A determination was needed regarding whether or not to incorporate a motion base into the future Marine Corps Advanced Amphibious Assault Vehicle (AAAV) Driver Trainer, and if so, the degrees of freedom (DOF) required to produce an accurate simulation. A force motion base was proposed as an option in the Naval Air Warfare Center Training Systems Division (NAWCTSD) AAAV Front End Analyses and in an industry-generated Systems Functional Specification, however, rationale for the necessity of force motion was not available. The task of determining the necessity for force motion cuing and the DOF required was somewhat formidable because no actual operational vehicle presently exists and only limited models of the vehicle and the environments in which the vehicle will operate are currently available. The end decision to incorporate platform motion into the AAAV Driver Trainers was based on data supplied from a number of sources (e.g., training effectiveness and cost data, historical data such as the Army's experience with the M1/A1 tank, and subject matter expertise). As part of the decision process, it was necessary to use analytic methods to determine the DOF that would be required to meet AAAV driver training objectives.

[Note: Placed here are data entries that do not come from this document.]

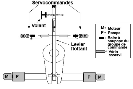 - L'utilisation d'un seul télémoteur a été rendue possible grâce à l'installation d'un commutateur-sélecteur sur la passerelle, assurant le découplage de chaque servocommande par rapport aux pompes principales de l'appareil à gouverner.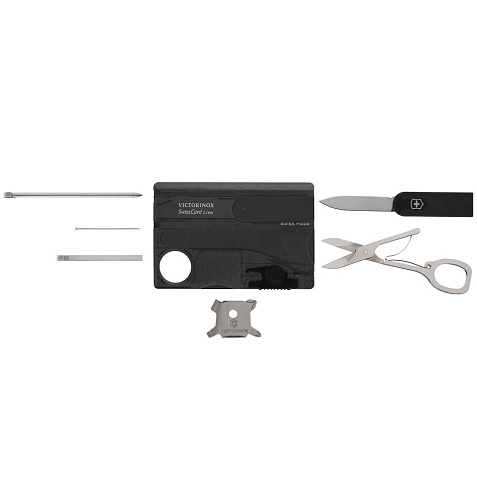 Victorinox SwissCard Lite — многофункциональный инструмент с набором из 13 функций, который по размеру соответствует привычной пластиковой карточке и легко помещается в отделении для карточек в портмоне.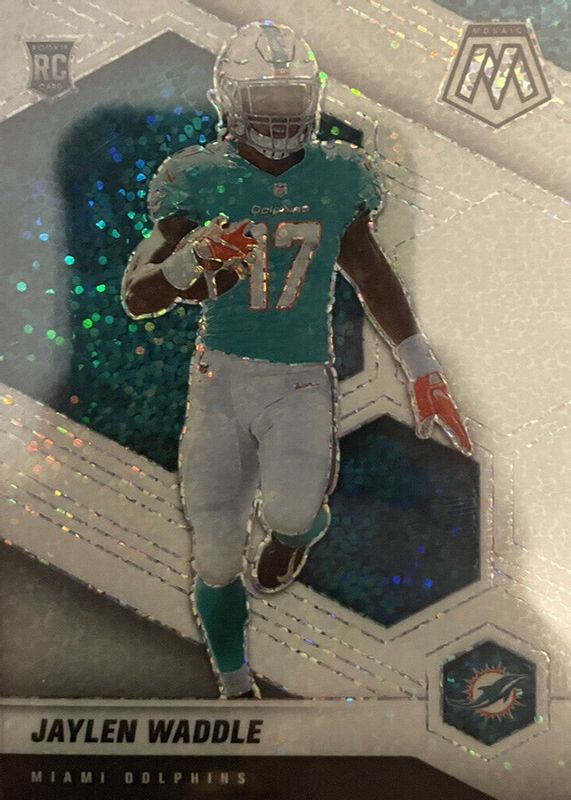 The Jaylen Waddle 2021 Mosaic #308 White Sparkle /(SSP) Rookie card in Raw condition has not changed in price in the last 30 days.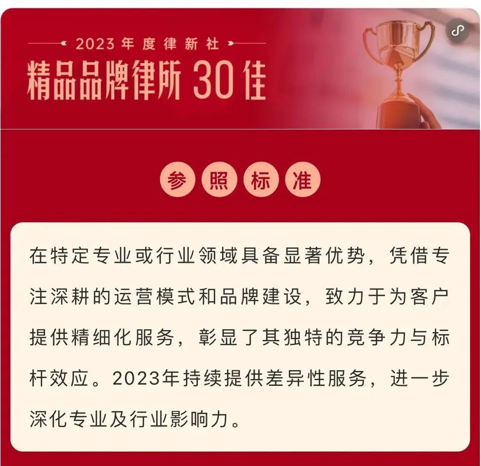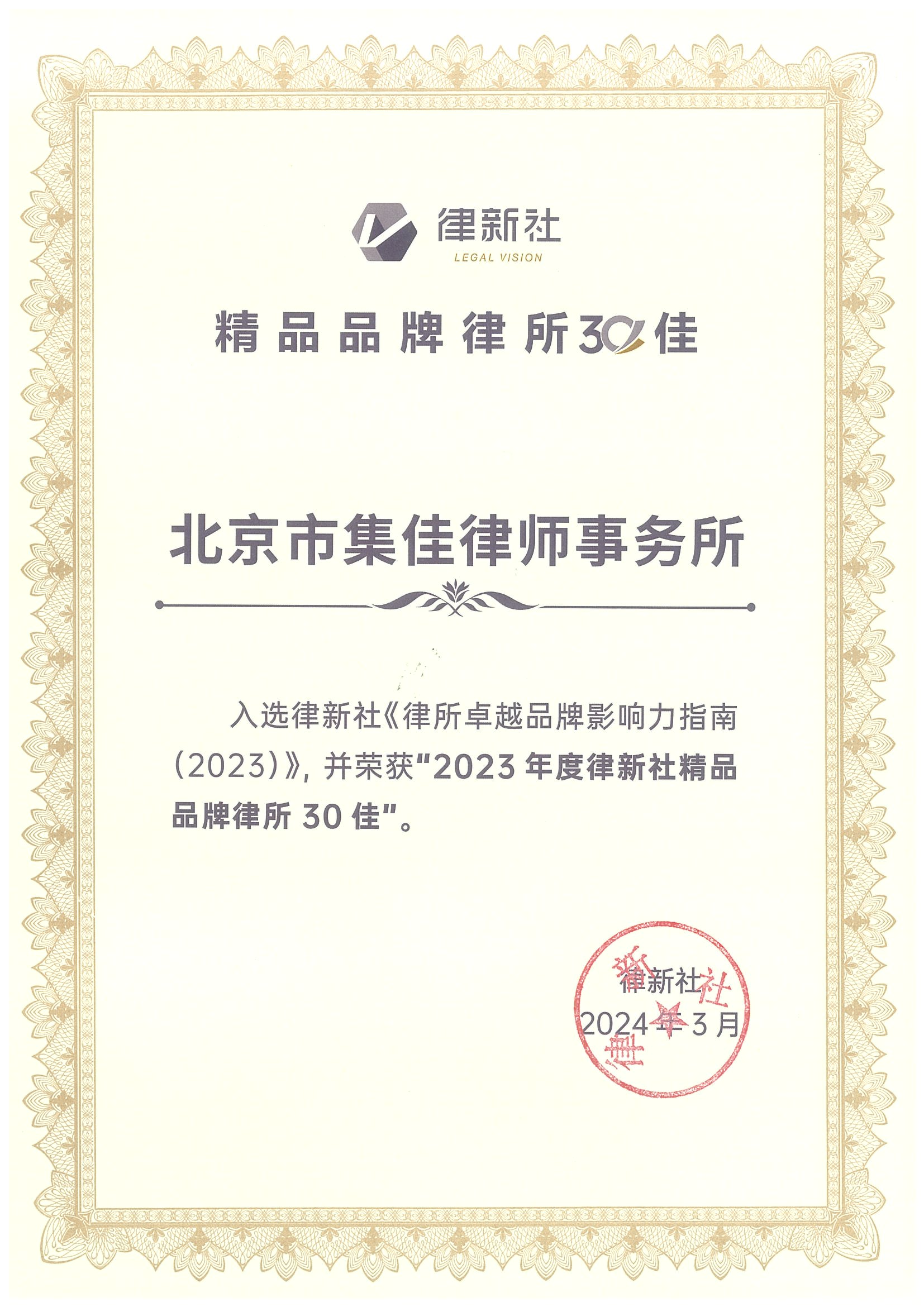2024年3月2日,由中國法學交流基金會指導、律新社主辦的“致·追光者”第二屆法律服務業品牌發展論壇暨律新社2023年度品牌盛典隆重舉行,現場發布了備受關注的《律所卓越品牌影響力指南(2023)》,北京市集佳律師事務所憑借在知識產權領域的卓越實力和良好口碑,榮登“2023年度律新社精品品牌律所30佳”榜單。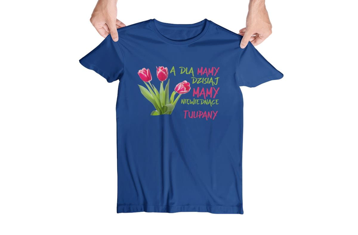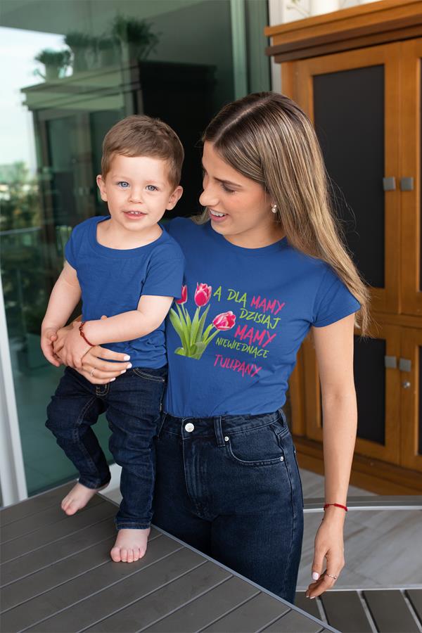 Koszulka z napisem "A dla mamy dzisiaj mamy niewiędnące tulipany"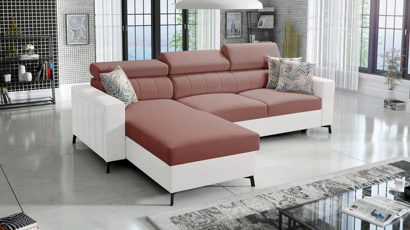 Narożnik z funkcją spania Savona indyjski róż / biały lewostronny elegancki narożnik z regulowanymi zagłówkami dekoracyjne przeszycia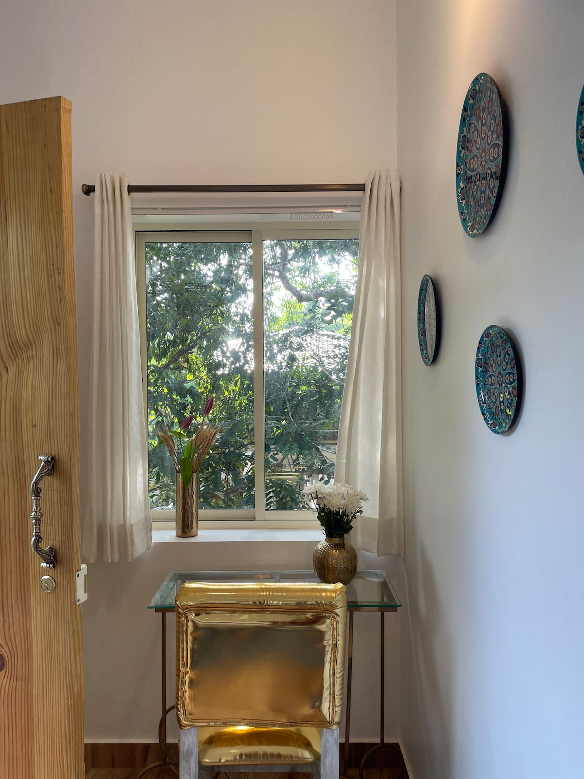 Sanitizing is important to us. We will not mingle with guests.Private gated green property with flowering and fruit bearing plants/ tree's as well as two lawn's and a sit out. Close to the main road yet far away from the bustling noise, restaurants and shops all within walking distance.A 5 minutes walk to the beach. Come relax.!The room is sanitized after every guest checks out,as per Airbnb norms. You are responsible for room house keeping,keep the room clean.Details of listing please read.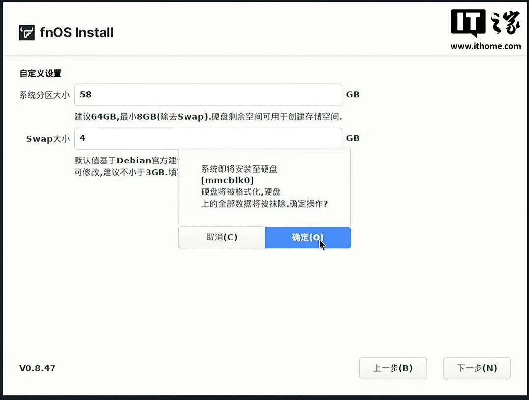 此时,我们可以使用方向键选择要用于系统安装的硬盘,也就是 ME mini 自带的 64GB eMMC 存储,然后设置系统分区及 Swap 大小(默认即可),确认格式化并完成安装。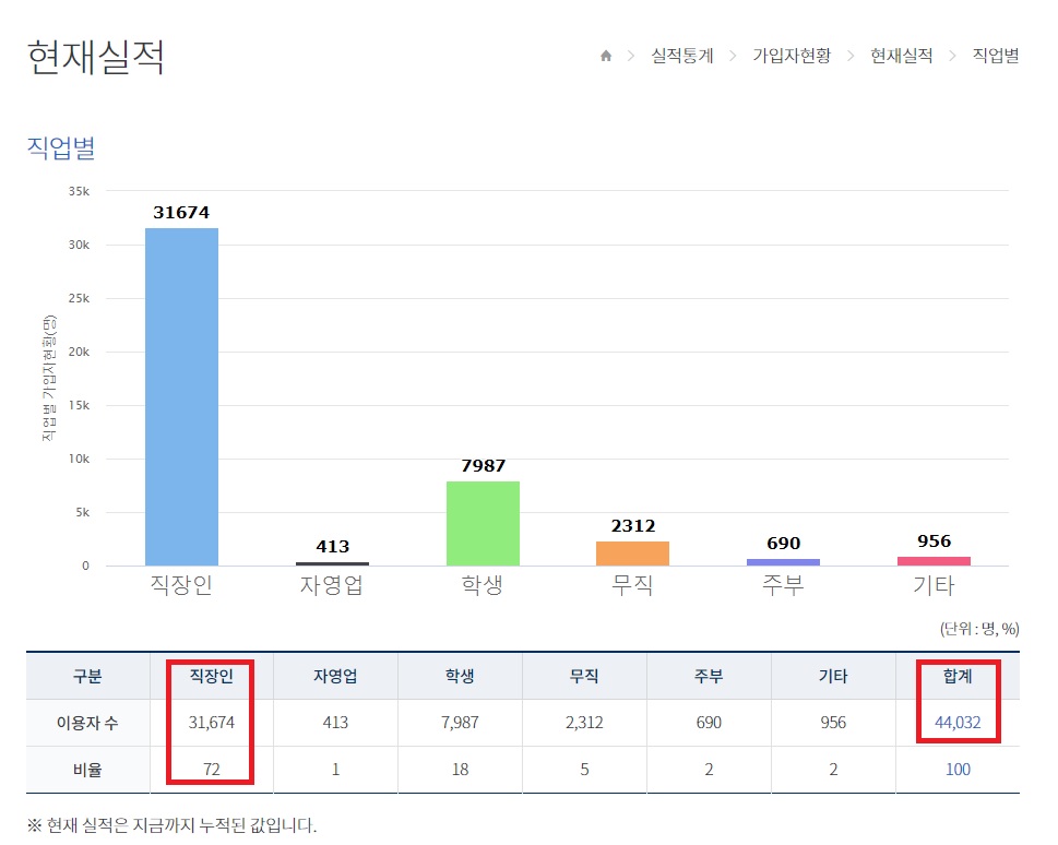 역시나 직장인이 31,674명으로 72% 비중으로 가장 높은 이용자 수 비율을 차지하고 있다.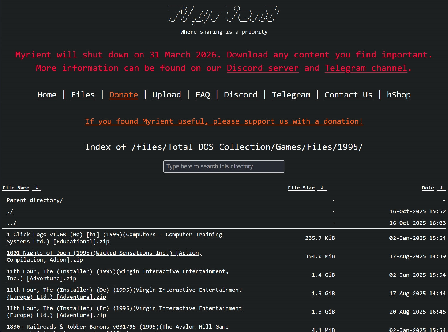 另外,Myrient预计本月底下线,目前仍能正常访问,即便是下线之后,Discord服务器和Telegram频道也会继续开放,供玩家交流。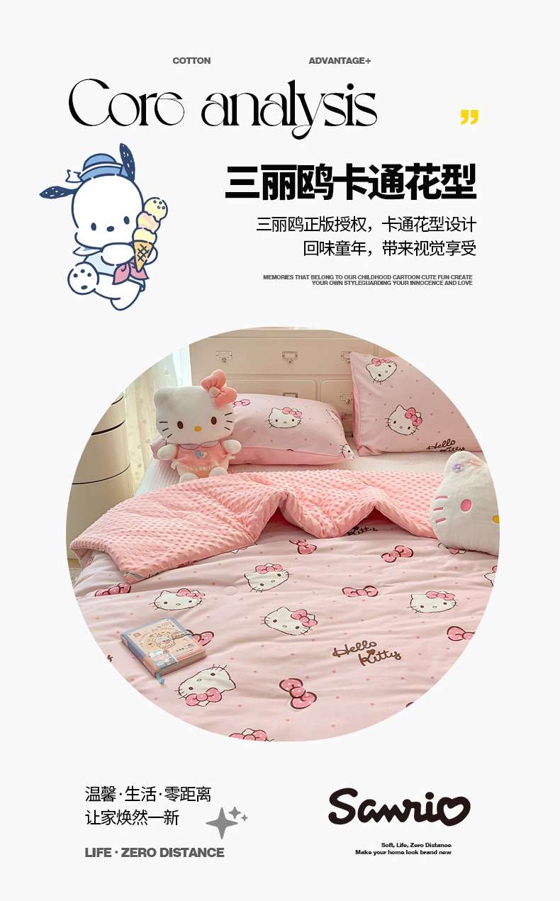 • 91家纺网 家纺一手货源 找家纺 暮思家居 2025新款正版授权三丽鸥A版纯棉B版安抚豆豆绒春秋被冬被豆豆被被子被芯系列 豆豆被-可爱凯蒂

A survey was developed by the Training Technology Development Branch at NAWCTSD to query members of the AAAV Fleet Project Team regarding the expected salience of motion cues in each of six DOF (i.e., longitudinal, lateral, vertical, roll, pitch, yaw) for specified tasks and environmental conditions. Five enlisted Marines, with considerable experience driving the predecessor Amphibious Assault Vehicle (AAV-7A1), used a 6-point Likert-type scale to rate the intensity of expected motion forces for each of 22 anticipated AAAV training tasks to be performed in both water (sea state 1) and land operations (various surfaces). Survey results indicated that motion forces are expected to be greatest in the longitudinal, vertical, pitch and yaw axes during performance of the specified tasks. A set of decision heuristics, developed for the U.S. Army by Sticha, Singer, Blacksten, Morrison, and Cross (1990), was applied to the survey results to formulate recommendations for motion cuing requirements. The methods used to determine motion requirements for the AAAV Driver Simulator can be applied to any ground vehicle or waterborne craft, and similar results can be expected. The results of the research conducted were not the only factors considered in determining the requirement for motion, but helped to reinforce many assumptions about the need for motion cuing.